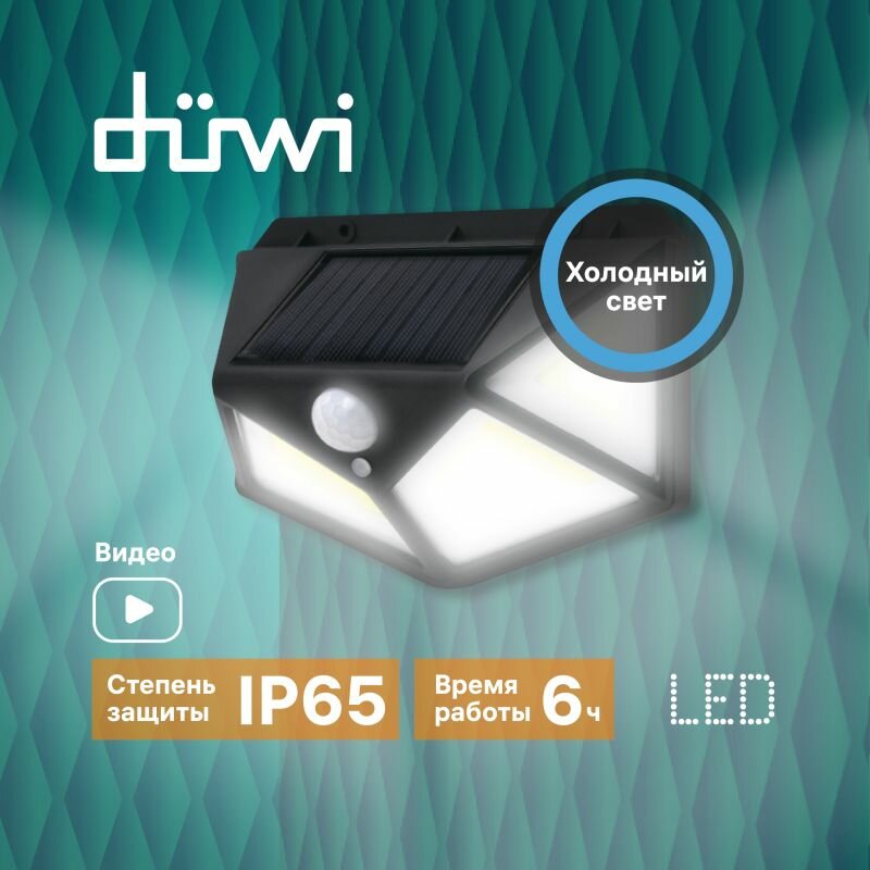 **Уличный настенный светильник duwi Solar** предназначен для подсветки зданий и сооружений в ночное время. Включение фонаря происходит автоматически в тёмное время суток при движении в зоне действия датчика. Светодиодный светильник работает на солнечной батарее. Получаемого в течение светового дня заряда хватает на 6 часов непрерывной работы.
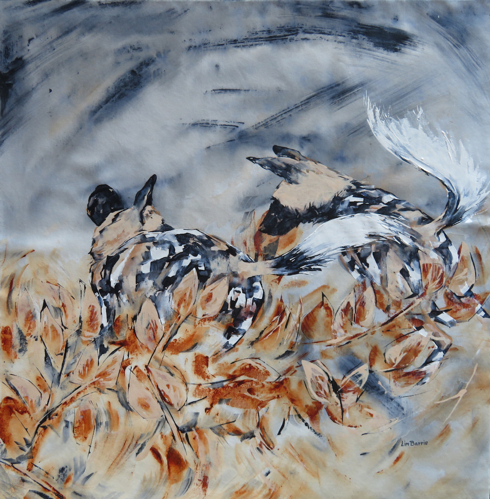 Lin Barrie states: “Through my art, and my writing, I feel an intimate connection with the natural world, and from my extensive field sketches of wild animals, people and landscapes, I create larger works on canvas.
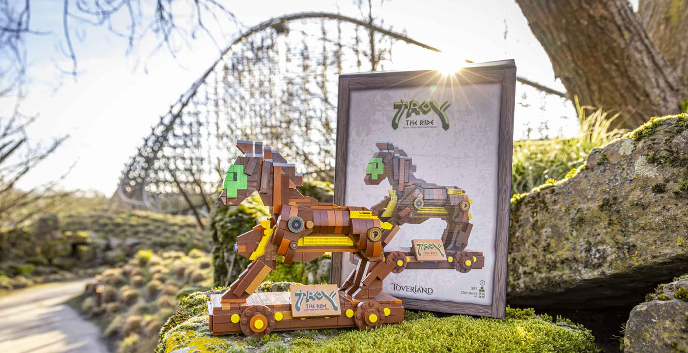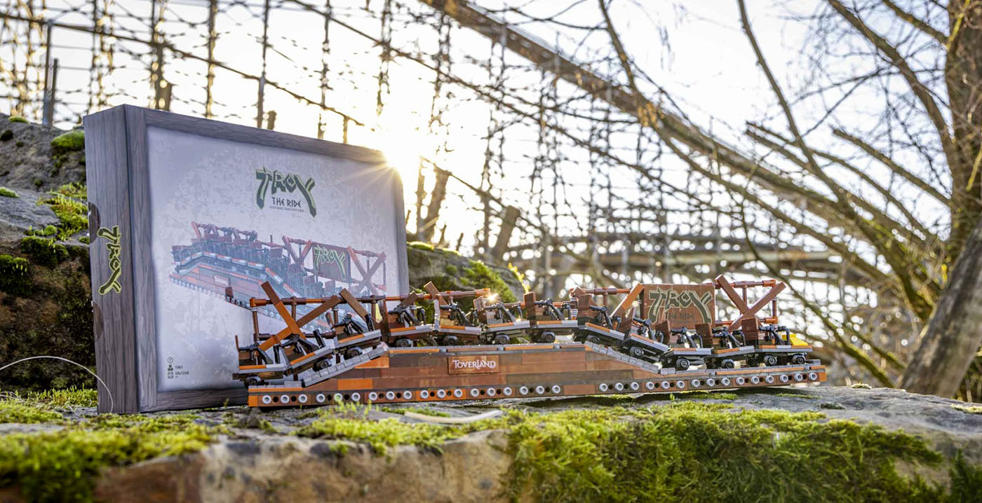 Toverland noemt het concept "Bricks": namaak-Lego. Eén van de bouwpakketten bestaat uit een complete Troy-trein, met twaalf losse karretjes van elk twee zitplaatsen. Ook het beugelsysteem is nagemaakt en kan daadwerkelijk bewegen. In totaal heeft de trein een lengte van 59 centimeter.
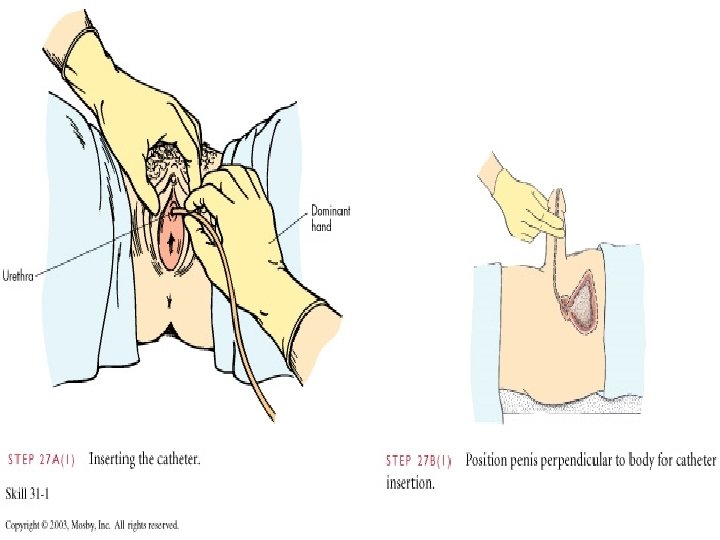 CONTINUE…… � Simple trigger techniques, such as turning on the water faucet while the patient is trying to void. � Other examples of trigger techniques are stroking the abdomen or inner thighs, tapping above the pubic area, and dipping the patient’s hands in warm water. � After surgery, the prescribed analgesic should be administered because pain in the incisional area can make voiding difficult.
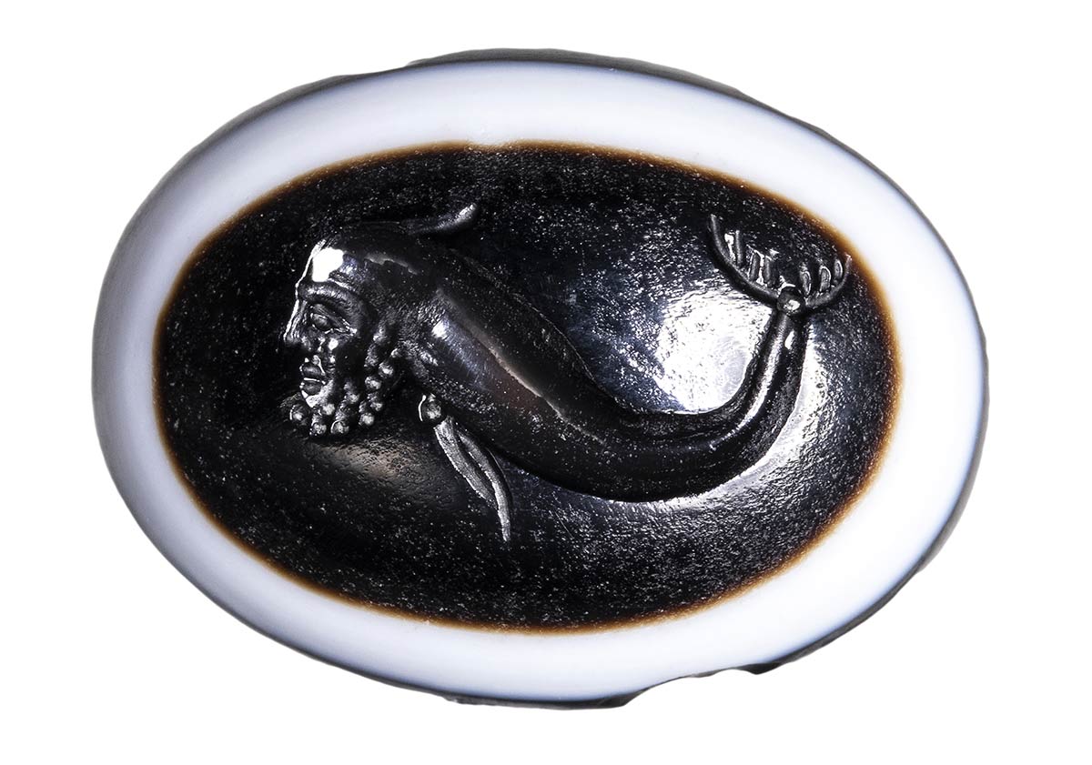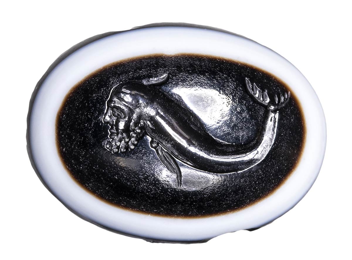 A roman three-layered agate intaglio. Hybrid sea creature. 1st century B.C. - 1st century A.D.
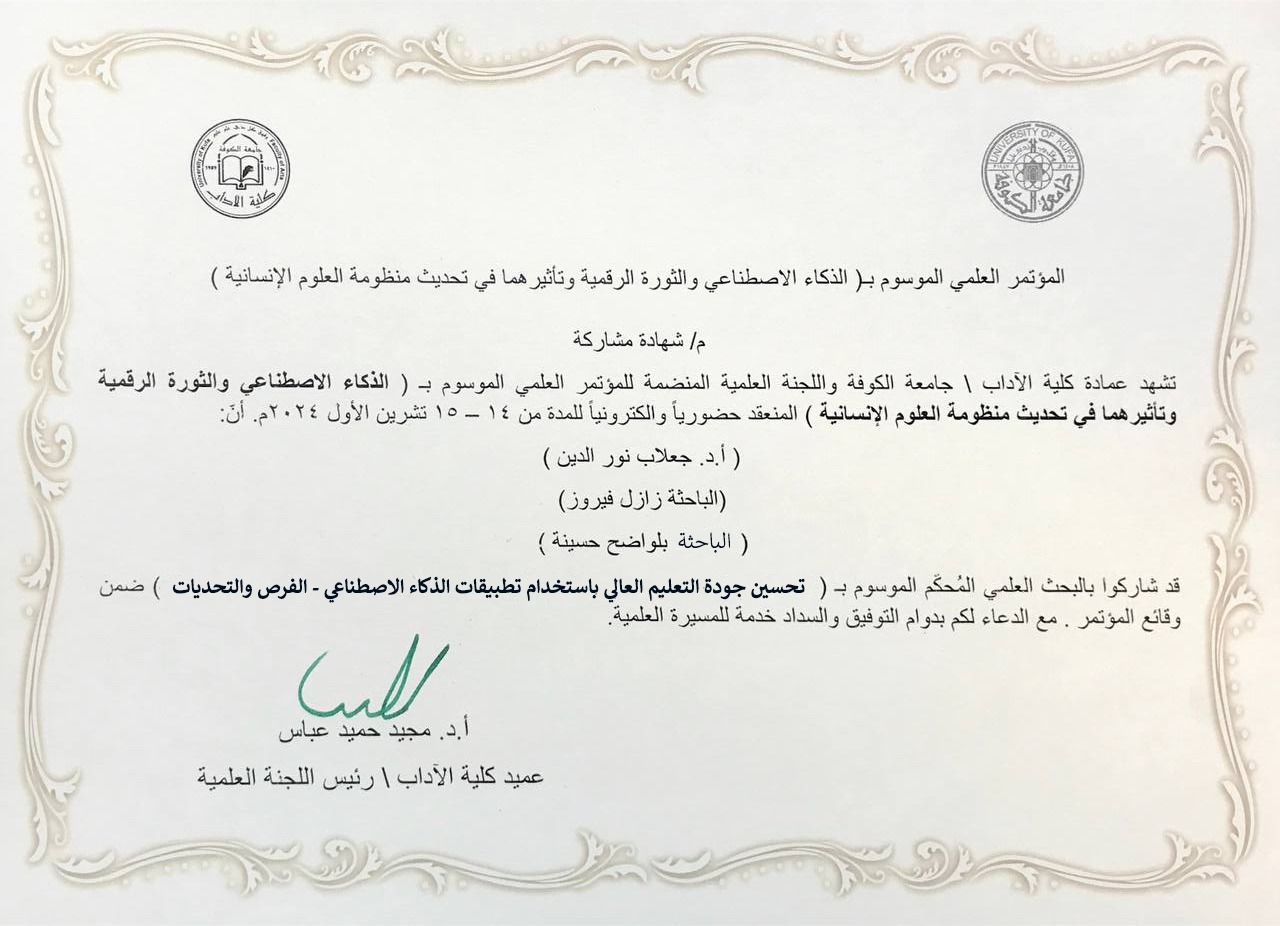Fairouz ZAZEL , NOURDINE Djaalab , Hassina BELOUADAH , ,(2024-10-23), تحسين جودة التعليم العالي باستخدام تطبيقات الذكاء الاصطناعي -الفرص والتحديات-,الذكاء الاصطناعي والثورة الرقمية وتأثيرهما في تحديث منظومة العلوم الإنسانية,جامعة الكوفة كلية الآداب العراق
────────────────────────────────────────
§ Work item: Set down exactly the lines from the start of the records through the line containing "CONTINUE…… � Simple", both included, and omit the pictures.

§ Result:
 **Уличный настенный светильник duwi Solar** предназначен для подсветки зданий и сооружений в ночное время. Включение фонаря происходит автоматически в тёмное время суток при движении в зоне действия датчика. Светодиодный светильник работает на солнечной батарее. Получаемого в течение светового дня заряда хватает на 6 часов непрерывной работы.
 Lin Barrie states: “Through my art, and my writing, I feel an intimate connection with the natural world, and from my extensive field sketches of wild animals, people and landscapes, I create larger works on canvas.
 Toverland noemt het concept "Bricks": namaak-Lego. Eén van de bouwpakketten bestaat uit een complete Troy-trein, met twaalf losse karretjes van elk twee zitplaatsen. Ook het beugelsysteem is nagemaakt en kan daadwerkelijk bewegen. In totaal heeft de trein een lengte van 59 centimeter.
 CONTINUE…… � Simple trigger techniques, such as turning on the water faucet while the patient is trying to void. � Other examples of trigger techniques are stroking the abdomen or inner thighs, tapping above the pubic area, and dipping the patient’s hands in warm water. � After surgery, the prescribed analgesic should be administered because pain in the incisional area can make voiding difficult.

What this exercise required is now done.